Antonoff has worked with Swift on several albums, including her AOTY-winning “1989” and “Folklore.” Among the songs Antonoff has co-written with Swift are “Out of the Woods,” “I Wish You Would,” “You Are in Love” and “Getaway Car.” 

Additionally, Swift credited her boyfriend of six years, Joe Alwyn, and American actress, singer and model Zoë Kravitz for co-writing three songs on her album.

One of the inspiring aspects of this album is that Swift seems to be reflecting on herself in her lyrics. This change in perception allows the listener to dive deeper into Swift’s life and helps them understand a more well-rounded part of the artist’s identity. 

In the first track of the album, “Lavender Haze,” Swift sings, “The only kind of girl they see / Is one-night or a wife.” It doesn’t take a fan to see that she’s dramatically changed how she’s describing her future since her Romeo and Juliet metaphor in “Love Story” (“Fearless”). Using her songs as a medium, Swift shines a light on one of the major issues in the media world: it is always assumed that a woman will marry. Whenever her relationship with Alwyn is discussed, the constantly looming question is whether a ring is in the picture. Swift brings attention to this and shows listeners how that negatively affects her relationship with her boyfriend.

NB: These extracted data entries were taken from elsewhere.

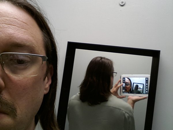 Samsung Galaxy Note 10.1, but point taken! I started to re-take it, but the mirror effect is pretty cool!
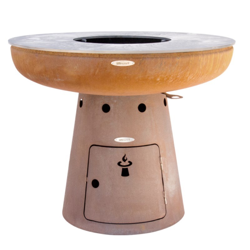 Robustní venkovní ohniště Remundi s kulatou grilovací plotnou pro celoroční grilování nebo jen příjemné posezení u plápolajícího ohněRustikální design zrezlého kovu dokonale zapadne do Vaší zahradyVysoká hmotnost (90 kg) zajišťuje výbornou stabilitu a tepelnou akumulaciJako palivo se používá kusové dřevo nebo dřevěné uhlíKe grilování slouží ocelová grilovací plotna vyrobená z 8 mm silné oceli o průměru 102 cm, kterou snadno rozpálíte až na 300 °CKo
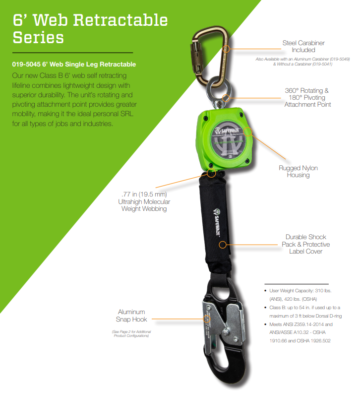 The SAFEWAZE 019-5049 Class A 6 ft web self-retracting lifeline with an aluminum snap hook combines lightweight design with durability. The unit comes with an aluminum carabiner and has a rotating and pivoting attachment point for improved mobility, making it the ideal personal retractable.

That being said, this album had issues with its concept. Instead of creating something out of the box, which has given Swift the title of one of the best artists of the 21st century, she and her producers colored strictly within the lines for this album. 

Each song had a concept; for example, “Bejeweled’s” was jewelry. To the listeners, it feels as if Swift came up with the idea for the song and then pulled together all her jewelry-related lines instead of making something spontaneous, which is what fans most want to hear. 

Furthermore, the album feels rushed. The record feels like it was a mass effort to release all of her remaining songs that were set aside or almost discarded throughout the years. The effect of this leaves an almost excess and run-on feeling to her songs that are missing their usual finesse and polished feel. 

Despite the criticisms raised, “Midnights” has a lot of redeeming qualities. The true Antonoff and Swift collaboration was explored in this album, consisting in different sound qualities that fans haven’t heard before. Even though they lacked in their classically creative bridges, they were spot-on with the late-night feel in almost every song by using a technicolored pop sound. 

Specifically, the song “Maroon” masters this. The synced sound, faded drum beats and the tired sound of Swift’s voice in the last chorus all make this song one of the most memorable on the album.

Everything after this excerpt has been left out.